現在までの達成度 (区分) |
現在までの達成度 (区分)
2: おおむね順調に進展している
理由
研究の推進方策に対して、おおむね順調に進行してる。
【1.水熱合成法により得られた試料の電気伝導度評価】水熱法で合成したペロブスカイト関連構造を持つBa5Nb4O15の500℃における電気伝導度は、固相反応法で合成した試料と比較して約2桁高かった。また、400℃付近において電気伝導度のアレニウスプロットの傾きが変化したため、結晶構造中の水酸化物イオンの脱離による電化キャリアの変化が示唆された。 【2、赤外分光法を用いた水酸化物の解析】酸素欠損ペロブスカイト構造をもつBa(ZnxNb1-x)O3-dは大気中から結晶格子中へ水分子を取り込み 酸水酸化物Ba(ZnxNb1-x)O3-d(OH)yへと変化する。拡散反射法を用いたTFIR測定を40℃~600℃で行い、ガウス曲線を用いたスペクトルのピークフィットにより、各ピーク面積値の温度変化と振動数から試料中におけるO-H結合形態を推測した。スペクトルは6つのガウス曲線によって再現され、40C℃~100℃の温度範囲において、ピーク4, 5, 6のピーク面積は大幅な減少、ピーク1, 2のピーク面積は増大を示した。また、ピーク3のピーク面積はほぼ変わらなかった。結晶格子中の水酸化物イオンは吸着水以上に強い結合を形成するため、高振動数側で観測されると考えられる。

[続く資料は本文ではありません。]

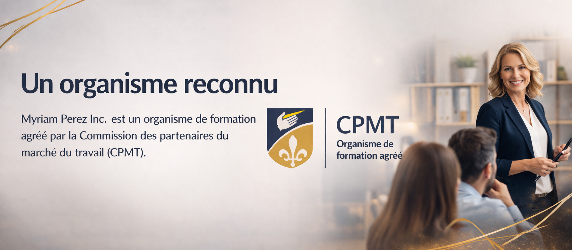 • Accès aux Subventions : Nous vous préparons à l'agrément (CPMT) pour que vos formations en entreprise soient admissibles aux subventions, un argument de vente majeur pour vos clients corporatifs.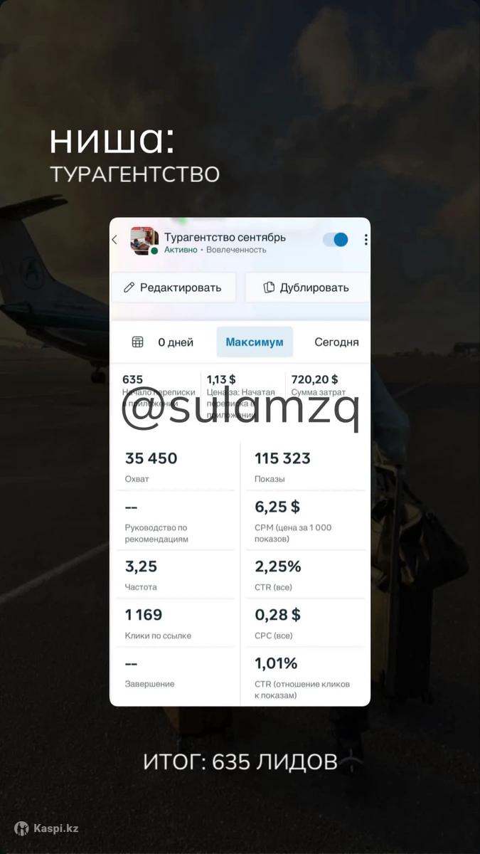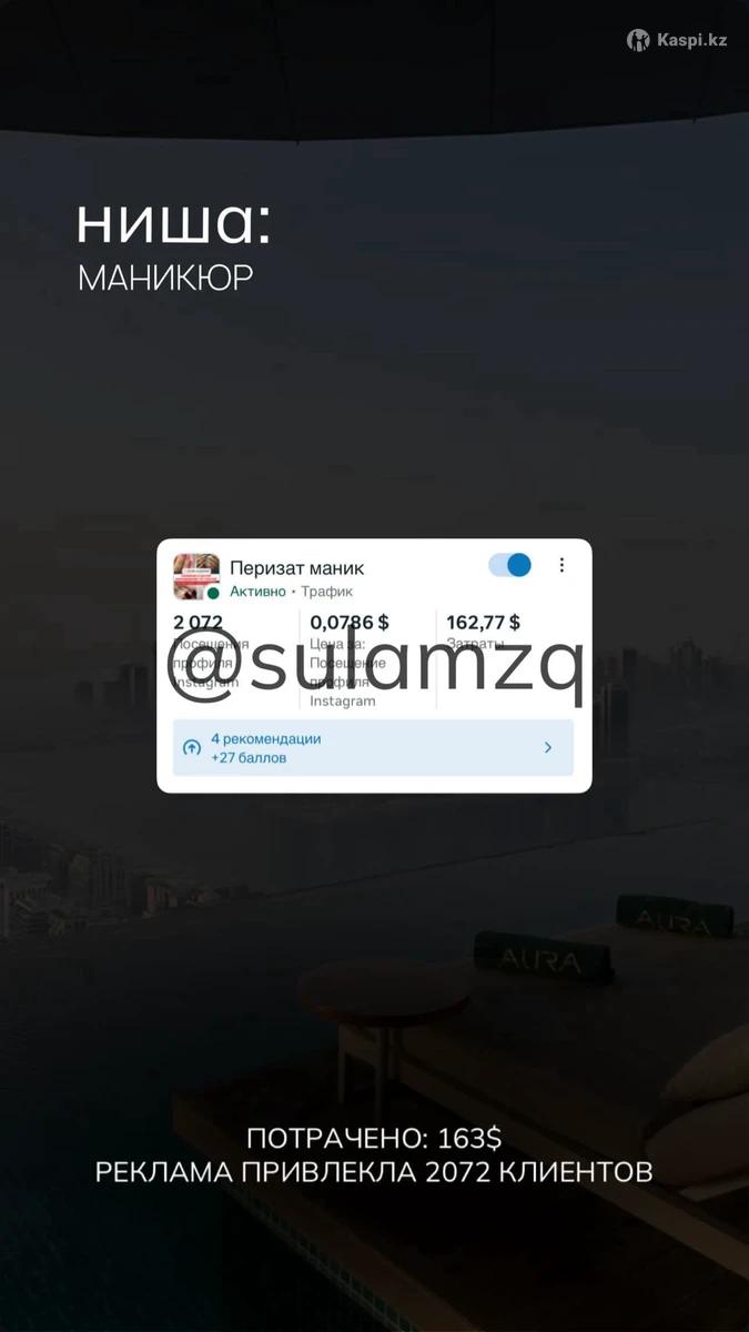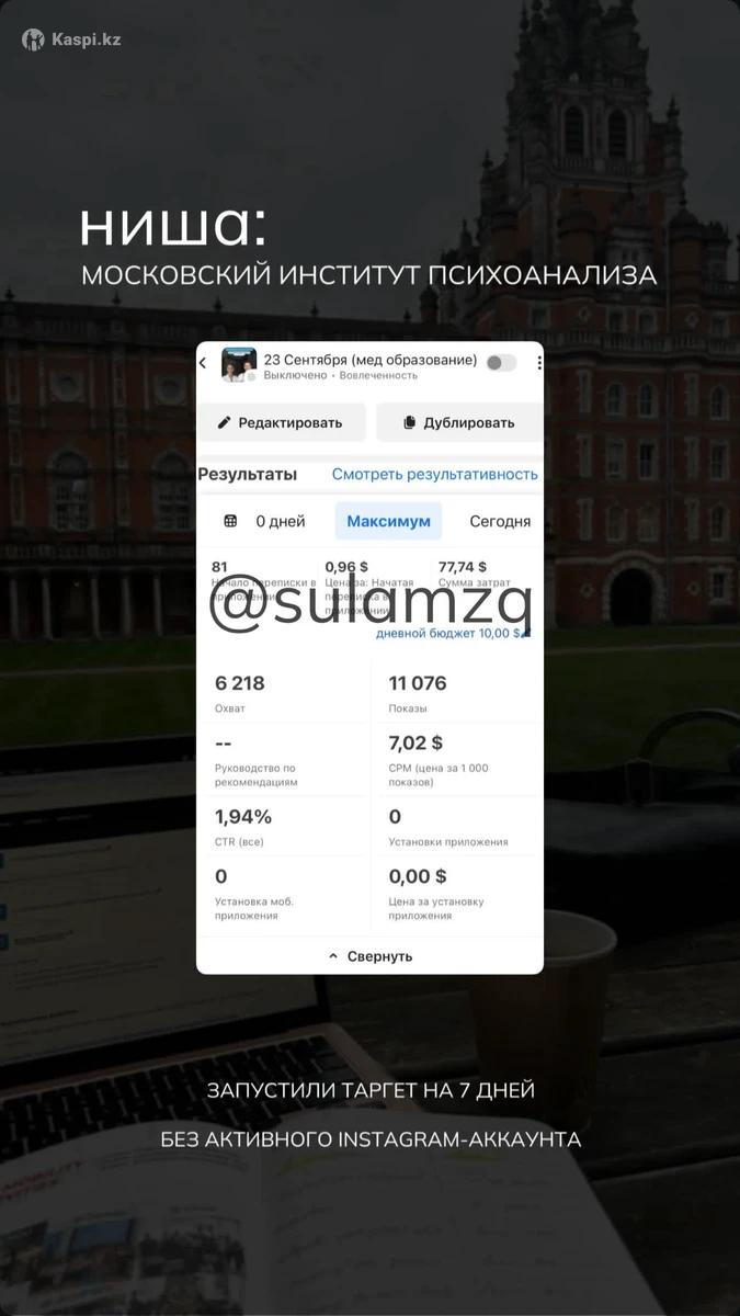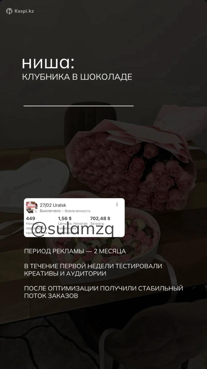 Если вы ищете реально грамотного таргетолога который не обманет, не пропадет, не болеет каждые 2 дня, даст реальный результат - тогда вы по адресу Меня зовут Султан в таргете я 2 года. Проработал более чем с 30-ю проектами и сейчас готов взять ваш проект под работу по выгодным условиям Полная прозрачность работы - вы всегда видите, что и как делается Работаю по официальному договору. Даю гарантию на качество и результат рекламы Звоните и пишите на по номеру который указан снизу
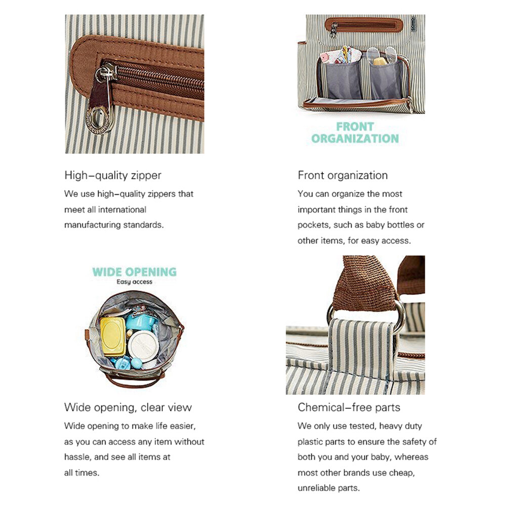 7-piece diaper bag set: 1. Extra roomy main compartment, diaper bags with multiple pockets, reliable zip-top closure, with carrying strap.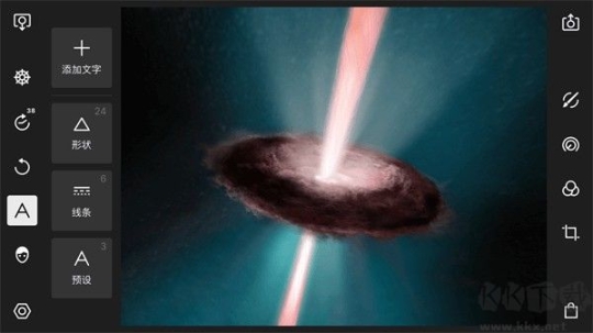“添加文字”選項下一共有12個調整選項。分別為字體選擇、對齊方式、大小、行間距、字母間距、角度、色彩、不透明度、混合、描邊、反選、刪除、復制。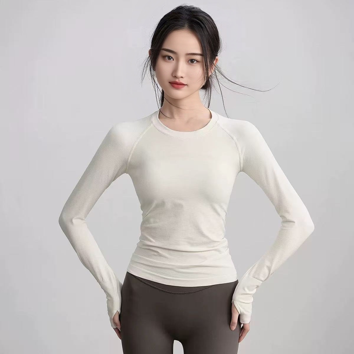 新款大牌同款运动T恤瑜伽服圆领打底上衣长袖裸感无缝舒适健身服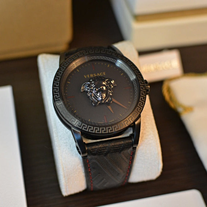 Elevate your wrist with the Versace Palazzo Empire, a masterpiece of Italian luxury and timeless sophistication. This striking timepiece features a bold black dial paired with a refined black leather strap, delivering understated elegance with unmistakable prestige. The Palazzo Empire embodies Versace's legendary craftsmanship and design heritage, making it the perfect statement piece for the discerning gentleman who refuses to compromise on style. Whether worn to the boardroom or evening events, this watch commands attention while maintaining an air of refined restraint. Experience the confidence that comes with owning an authentic Versace creation—where exceptional quality meets iconic design.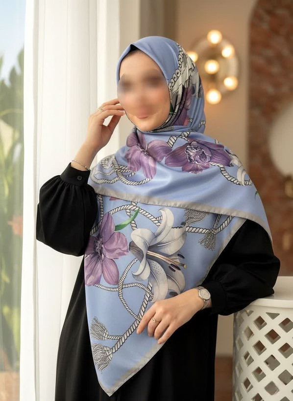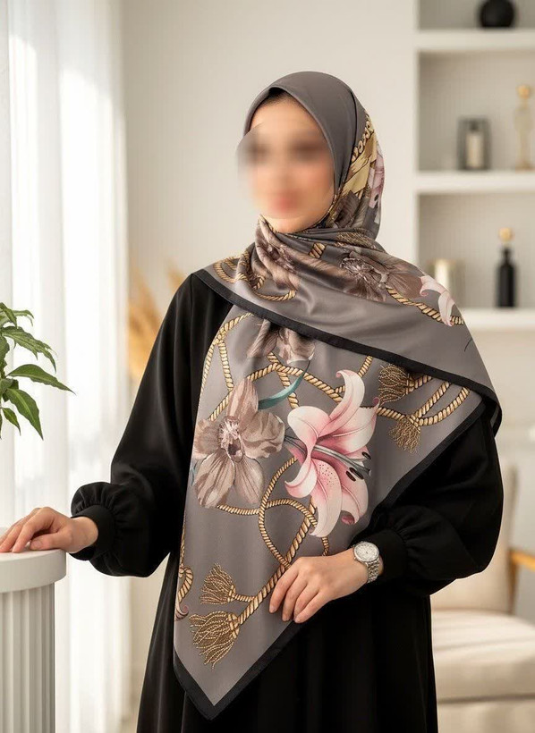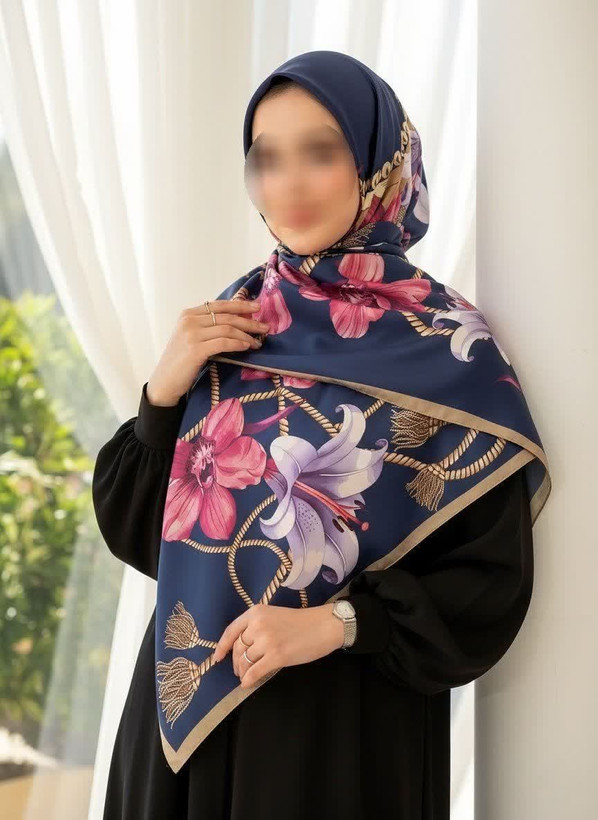 روسری ساتن ابریشم گل شیپوری

したがって、ピーク4, 5, 6は結晶粒表面に吸着した水分子、ピーク1, 2, 3は格子酸素とプロトンが形成したO-H結合に帰属されると推測した。 【3、水酸化物イオン含有量の増大】当該年度に導入した特注の電気炉により、気相で高濃度水蒸気と試料を反応させることが可能となり、結果として試料の水酸化物化が促進されることを確認した。